Hai Li; Tianming Liu; Geoffrey Young; Lei Guo; Stephen T. Wong

Brain tissue segmentation based on DWI/DTI data

Hai Li, Tianming Liu, Geoffrey Young, Lei Guo, Stephen T. Wong

Research output: Chapter in Book/Report/Conference proceeding › Conference contribution

Abstract

We present a method for tissue classification based on diffusion-weighted imaging (DWI)/diffusion tensor imaging (DTI) data. Our motivation is that independent tissue segmentation based on DWI/DTI images provides complementary information to the tissue segmentation result using structural MRI data alone.

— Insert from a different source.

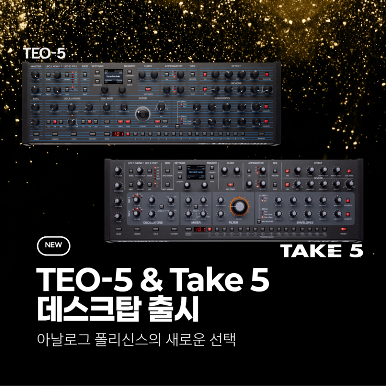 이번 TEO-5 Desktop Module과 Take 5 Desktop Module의 국내 정식 출시는, 고급 아날로그 폴리신스를 더 많은 유저가 현실적인 환경에서 접할 수 있게 해주는 반가운 소식입니다. 큰 키보드 일체형 신스가 부담스러웠던 유저, 이미 마스터 키보드 기반의 작업 환경을 갖춘 유저, 혹은 공간 제약 없이 진짜 아날로그 폴리신스의 매력을 경험하고 싶었던 유저라면 이번 데스크탑 모듈은 매우 설득력 있는 선택지가 될 것입니다.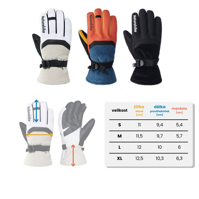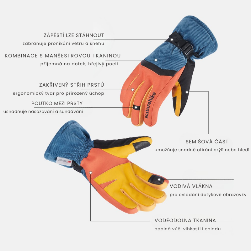 + Voděodolná PU membrána – chrání ruce před sněhem a větrem, zároveň zůstává prodyšná.

The basis idea is to classify the brain into two compartments by utilizing the tissue contrast exiting in a single channel, e.g., Apparent Diffusion Coefficient (ADC) image can be used to separate CSF and non-CSF, and the Fractional Anisotropy (FA) image can be used to separate WM from non-WM tissues. Other channels such as eigen values of the tensor, relative anisotropy (RA), and volume ratio (VR) can also be used to separate tissues. We employ the STAPLE algorithm [8] to combine these two-class maps to obtain a complete segmentation of CSF, GM, and WM.

Original language	English (US)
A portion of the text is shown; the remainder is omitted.